#### Source material

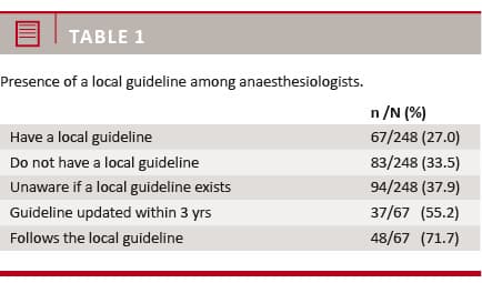 The availability of local guidelines among anaesthesiologists providing anaesthesia for hip relocation is summarised in Table 1
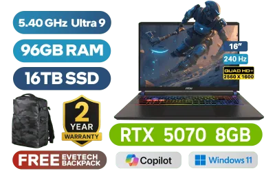 MSI VECTOR 16 HX AI A2XWGG Intel® Core™ Ultra 9-275HX up to 5.40GHz Processor, 76MB Cache, 24x Cores, 24x Threads / 96GB DDR5 RAM / 16TB Ultra-Fast NVMe SSD / 16" QHD+ (2560 x 1600) Anti-Glare 240Hz IPS-Level Display / NVIDIA 50 Series GeForce RTX 5070 8GB GDDR7 Graphics With Desktop Level Performance / Windows 11 Home / Intel® Killer™ BE Wi-Fi 7 BR1750x Wireless LAN / Bluetooth 5.4 / IR FHD type (30fps@1080p) with HDR Web Camera / 2 x USB Type-A 3.2 Gen2 / 2 x USB Type-C Thunderbolt 5 (DisplayPort / Power Delivery 3.1) / 1 x HDMI (8K@ 60Hz / 4K@ 120Hz) / 1 x Headphone and Microphone Combo Jack / 1 x SD Card Reader / 1x RJ-45 Ethernet Lan / 24-Zone RGB Backlit Gaming Keyboard With Copilot Key / Virtual Surround Sound Powered by Nahimic / 2x 2W Speaker / 2 Year MSI Warranty / MSI VECTOR 16 HX AI A2XWGG Core Ultra 9 RTX 5070 Gaming LaptopMSI VECTOR 16 HX AI A2XWGG Intel® Core™ Ultra 9-275HX up to 5.40GHz Processor, 76MB Cache, 24x Cores, 24x Threads / 96GB DDR5 RAM / 16TB Ultra-Fast NVMe SSD / 16" QHD+ (2560 x 1600) Anti-Glare 240Hz IPS-Level Display / NVIDIA 50 Series GeForce RTX 5070 8GB GDDR7 Graphics With Desktop Level Performance / Windows 11 Home / Intel® Killer™ BE Wi-Fi 7 BR1750x Wireless LAN / Bluetooth 5.4 / IR FHD type (30fps@1080p) with HDR Web Camera / 2 x USB Type-A 3.2 Gen2 / 2 x USB Type-C Thunderbolt 5 (DisplayPort / Power Delivery 3.1) / 1 x HDMI (8K@ 60Hz / 4K@ 120Hz) / 1 x Headphone and Microphone Combo Jack / 1 x SD Card Reader / 1x RJ-45 Ethernet Lan / 24-Zone RGB Backlit Gaming Keyboard With Copilot Key / Virtual Surround Sound Powered by Nahimic / 2x 2W Speaker / 2 Year MSI Warranty / MSI VECTOR 16 HX AI A2XWGG Core Ultra 9 RTX 5070 Gaming Laptop [VECTOR-16-HX-AI-A2XWGG-010ZA/96GB/16TB] / [+] GET FREE EVETECH DASH Premium Gaming Backpack / [+]Get Resident Evil Requiem with select GeForce RTX 50 Series (Standard Edition)+ FREE DELIVERY !
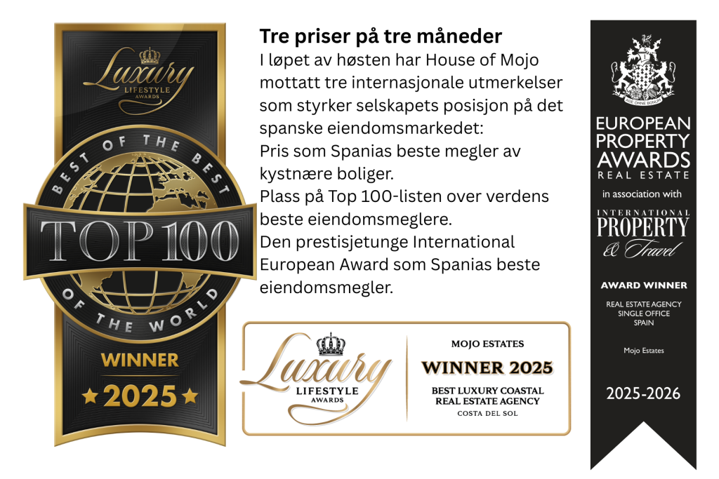 Mojo Estates, med base mellom Málaga og Marbella på Costa del Sol, har offisielt blitt tildelt tittelen Spanias beste eiendomsmegler. Det danskeide selskapet, grunnlagt av Mette og Per Mønsted samt Jacob Johansen, mottok prisen under International Property Awards i London – en utmerkelse som sementerer Mojos posisjon som en av de mest innovative og pålitelige aktørene på det sørspanske eiendomsmarkedet.
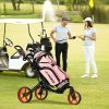 2.Sturdy Aluminum Frame: This collapsible golf cart is built with a super strong, lightweight, and sturdy aluminum tube that offers long term service. The wide body design with textured anti-slippery grip allows effortless pushing. Also, the high elastic strap can fix any size of golf bag and golf clubs in place for enhanced safety.
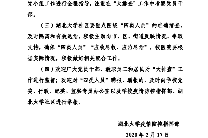 來源:湖北大學(xué)疫情防控指揮部 作者: 編輯:鮮文濤 時間:2020-02-17 字號: 【大】 【中】 【小】
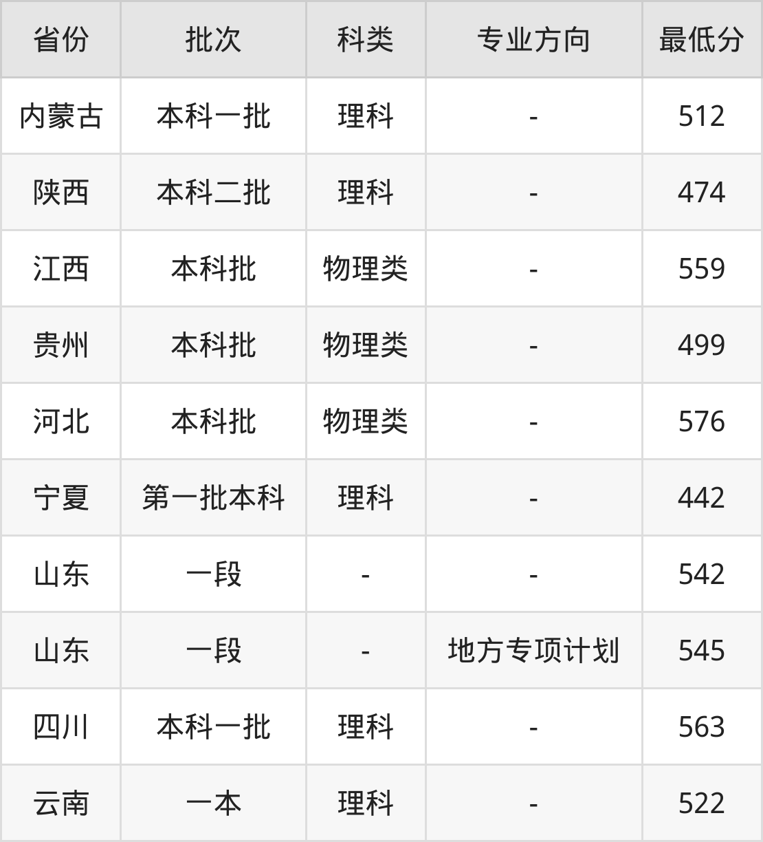 | 批次 | 专业方向 | 最低分 | 位次 |
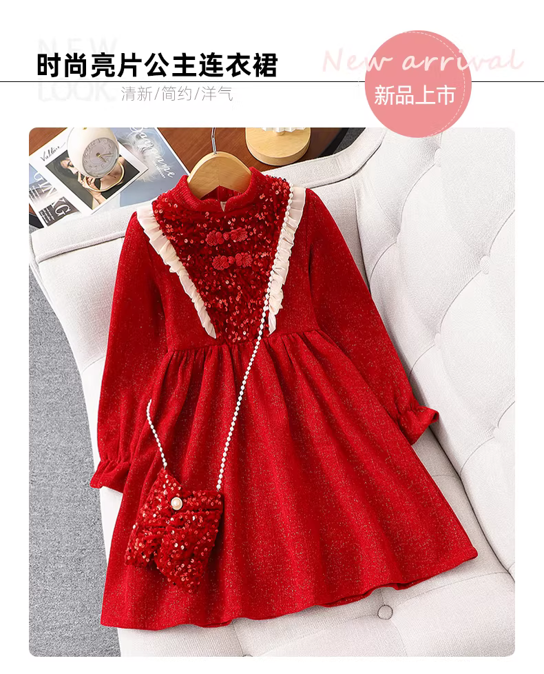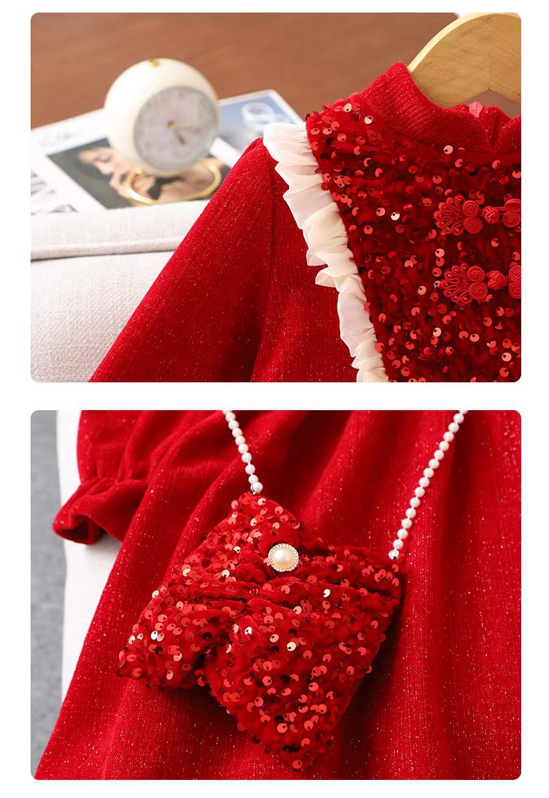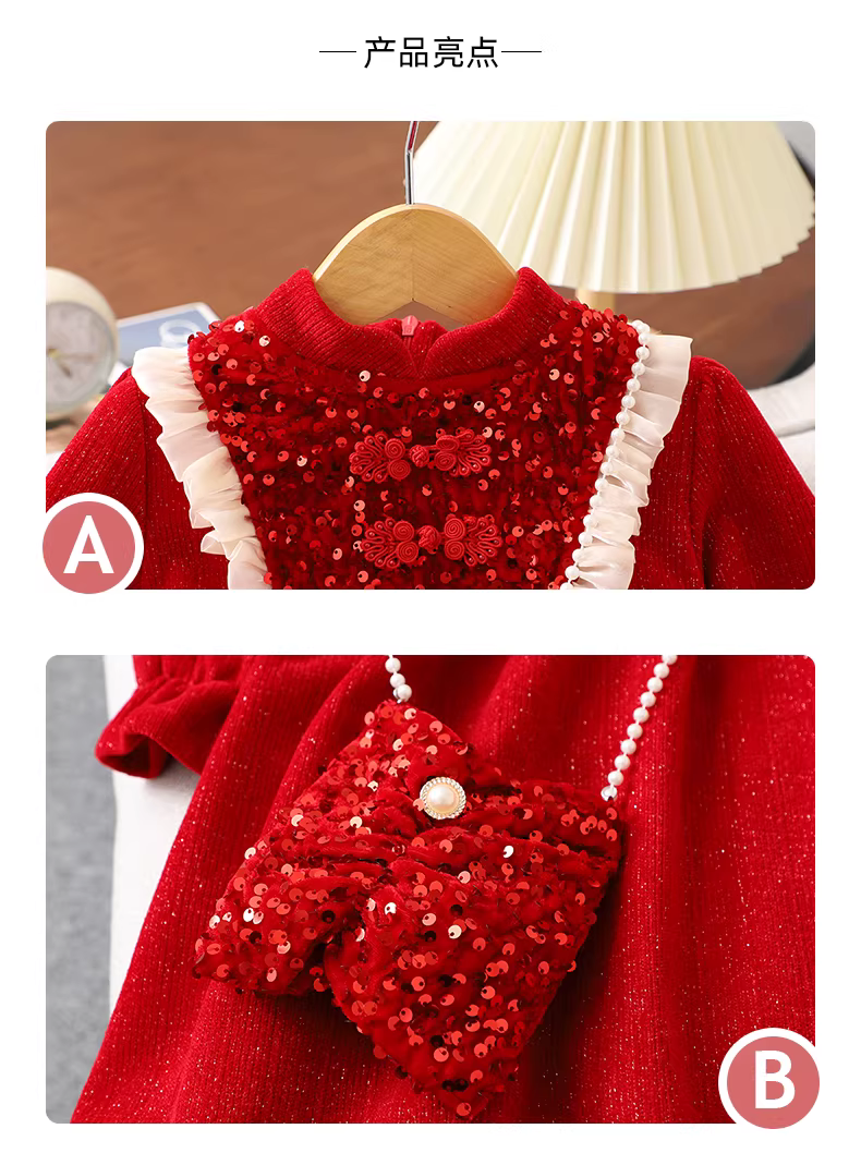 - Váy nhung bé gái có lớp lót lông cừu, váy công chúa màu đỏ thời trang thu đông cho trẻ em, trang phục Tết năm 2025.
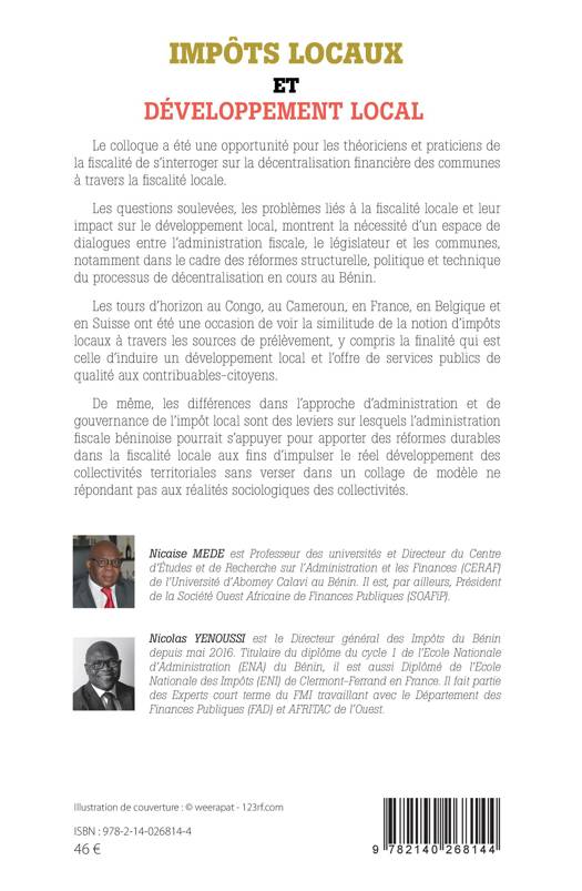 Les auteurs s'interrogent sur la décentralisation financière des communes à travers la fiscalité locale. Les questions soulevées, les problèmes liés à la fiscalité locale et leur impact sur le développement local, montrent la nécessité d'un espace de dialogues entre l'administration fiscale, le législateur et les communes, notamment dans le cadre des réformes structurelle, politique et technique du processus de décentralisation en cours au Bénin. Les tours d'horizon au Congo, au Cameroun, en France, en Belgique et en Suisse ont été une occasion de voir la similitude de la notion d'impôts locaux à travers les sources de prélèvement, y compris la finalité qui est celle d'induire un développement local et l'offre de services publics de qualité aux contribuables-citoyens.
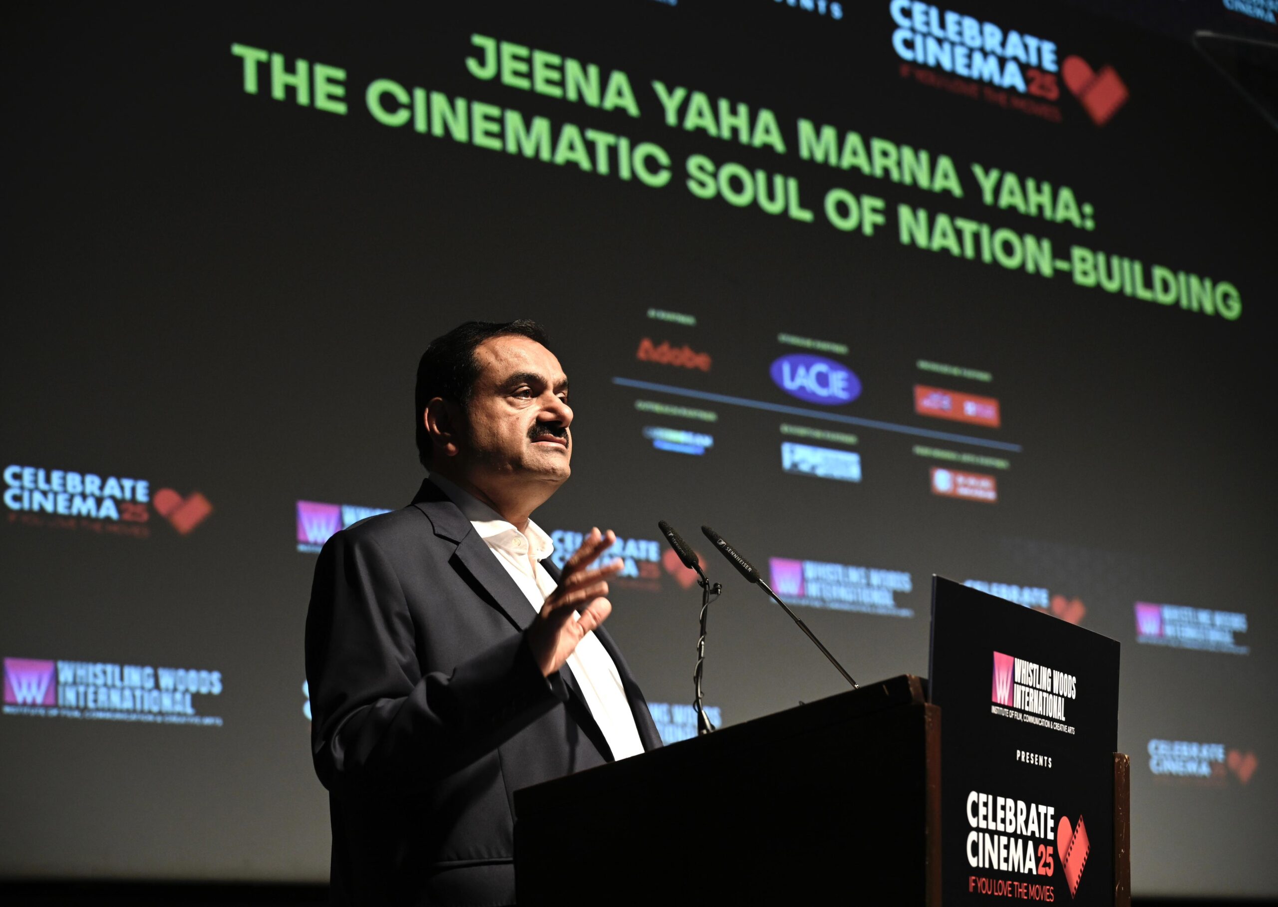 अदाणी समूह के चेयरमैन गौतम अदाणी इस बार किसी बिजनेस इंस्टिट्यूट या समिट में नहीं बल्कि सिनेमा के स्टूडेंट्स के बीच थे। गौतम अदाणी ने मशहूर प्रोड्यूसर-डायरेक्टर सुभाष घई द्वारा स्थापित व्हिसलिंग वुड्स इंटरनेशनल में सिनेमा के स्टूडेंट्स को संबोधन किया। उन्होंने सिनेमा के छात्रों और उद्योग जगत की हस्तियों को बताया कि सिनेमा राष्ट्र निर्माण की आत्मा है और साथ ही चेताया भी कि कहानियां – चाहे वे कला, मीडिया या बाजार में हों – भाग्य को तय करने की शक्ति रखती हैं।

########

■ **Work to complete**:
Give the records back exactly, with no pictures.

■ **Problem solution**:
 The availability of local guidelines among anaesthesiologists providing anaesthesia for hip relocation is summarised in Table 1
 MSI VECTOR 16 HX AI A2XWGG Intel® Core™ Ultra 9-275HX up to 5.40GHz Processor, 76MB Cache, 24x Cores, 24x Threads / 96GB DDR5 RAM / 16TB Ultra-Fast NVMe SSD / 16" QHD+ (2560 x 1600) Anti-Glare 240Hz IPS-Level Display / NVIDIA 50 Series GeForce RTX 5070 8GB GDDR7 Graphics With Desktop Level Performance / Windows 11 Home / Intel® Killer™ BE Wi-Fi 7 BR1750x Wireless LAN / Bluetooth 5.4 / IR FHD type (30fps@1080p) with HDR Web Camera / 2 x USB Type-A 3.2 Gen2 / 2 x USB Type-C Thunderbolt 5 (DisplayPort / Power Delivery 3.1) / 1 x HDMI (8K@ 60Hz / 4K@ 120Hz) / 1 x Headphone and Microphone Combo Jack / 1 x SD Card Reader / 1x RJ-45 Ethernet Lan / 24-Zone RGB Backlit Gaming Keyboard With Copilot Key / Virtual Surround Sound Powered by Nahimic / 2x 2W Speaker / 2 Year MSI Warranty / MSI VECTOR 16 HX AI A2XWGG Core Ultra 9 RTX 5070 Gaming LaptopMSI VECTOR 16 HX AI A2XWGG Intel® Core™ Ultra 9-275HX up to 5.40GHz Processor, 76MB Cache, 24x Cores, 24x Threads / 96GB DDR5 RAM / 16TB Ultra-Fast NVMe SSD / 16" QHD+ (2560 x 1600) Anti-Glare 240Hz IPS-Level Display / NVIDIA 50 Series GeForce RTX 5070 8GB GDDR7 Graphics With Desktop Level Performance / Windows 11 Home / Intel® Killer™ BE Wi-Fi 7 BR1750x Wireless LAN / Bluetooth 5.4 / IR FHD type (30fps@1080p) with HDR Web Camera / 2 x USB Type-A 3.2 Gen2 / 2 x USB Type-C Thunderbolt 5 (DisplayPort / Power Delivery 3.1) / 1 x HDMI (8K@ 60Hz / 4K@ 120Hz) / 1 x Headphone and Microphone Combo Jack / 1 x SD Card Reader / 1x RJ-45 Ethernet Lan / 24-Zone RGB Backlit Gaming Keyboard With Copilot Key / Virtual Surround Sound Powered by Nahimic / 2x 2W Speaker / 2 Year MSI Warranty / MSI VECTOR 16 HX AI A2XWGG Core Ultra 9 RTX 5070 Gaming Laptop [VECTOR-16-HX-AI-A2XWGG-010ZA/96GB/16TB] / [+] GET FREE EVETECH DASH Premium Gaming Backpack / [+]Get Resident Evil Requiem with select GeForce RTX 50 Series (Standard Edition)+ FREE DELIVERY !
 Mojo Estates, med base mellom Málaga og Marbella på Costa del Sol, har offisielt blitt tildelt tittelen Spanias beste eiendomsmegler. Det danskeide selskapet, grunnlagt av Mette og Per Mønsted samt Jacob Johansen, mottok prisen under International Property Awards i London – en utmerkelse som sementerer Mojos posisjon som en av de mest innovative og pålitelige aktørene på det sørspanske eiendomsmarkedet.
 2.Sturdy Aluminum Frame: This collapsible golf cart is built with a super strong, lightweight, and sturdy aluminum tube that offers long term service. The wide body design with textured anti-slippery grip allows effortless pushing. Also, the high elastic strap can fix any size of golf bag and golf clubs in place for enhanced safety.
 來源:湖北大學(xué)疫情防控指揮部 作者: 編輯:鮮文濤 時間:2020-02-17 字號: 【大】 【中】 【小】
 | 批次 | 专业方向 | 最低分 | 位次 |
 - Váy nhung bé gái có lớp lót lông cừu, váy công chúa màu đỏ thời trang thu đông cho trẻ em, trang phục Tết năm 2025.
 Les auteurs s'interrogent sur la décentralisation financière des communes à travers la fiscalité locale. Les questions soulevées, les problèmes liés à la fiscalité locale et leur impact sur le développement local, montrent la nécessité d'un espace de dialogues entre l'administration fiscale, le législateur et les communes, notamment dans le cadre des réformes structurelle, politique et technique du processus de décentralisation en cours au Bénin. Les tours d'horizon au Congo, au Cameroun, en France, en Belgique et en Suisse ont été une occasion de voir la similitude de la notion d'impôts locaux à travers les sources de prélèvement, y compris la finalité qui est celle d'induire un développement local et l'offre de services publics de qualité aux contribuables-citoyens.
 अदाणी समूह के चेयरमैन गौतम अदाणी इस बार किसी बिजनेस इंस्टिट्यूट या समिट में नहीं बल्कि सिनेमा के स्टूडेंट्स के बीच थे। गौतम अदाणी ने मशहूर प्रोड्यूसर-डायरेक्टर सुभाष घई द्वारा स्थापित व्हिसलिंग वुड्स इंटरनेशनल में सिनेमा के स्टूडेंट्स को संबोधन किया। उन्होंने सिनेमा के छात्रों और उद्योग जगत की हस्तियों को बताया कि सिनेमा राष्ट्र निर्माण की आत्मा है और साथ ही चेताया भी कि कहानियां – चाहे वे कला, मीडिया या बाजार में हों – भाग्य को तय करने की शक्ति रखती हैं।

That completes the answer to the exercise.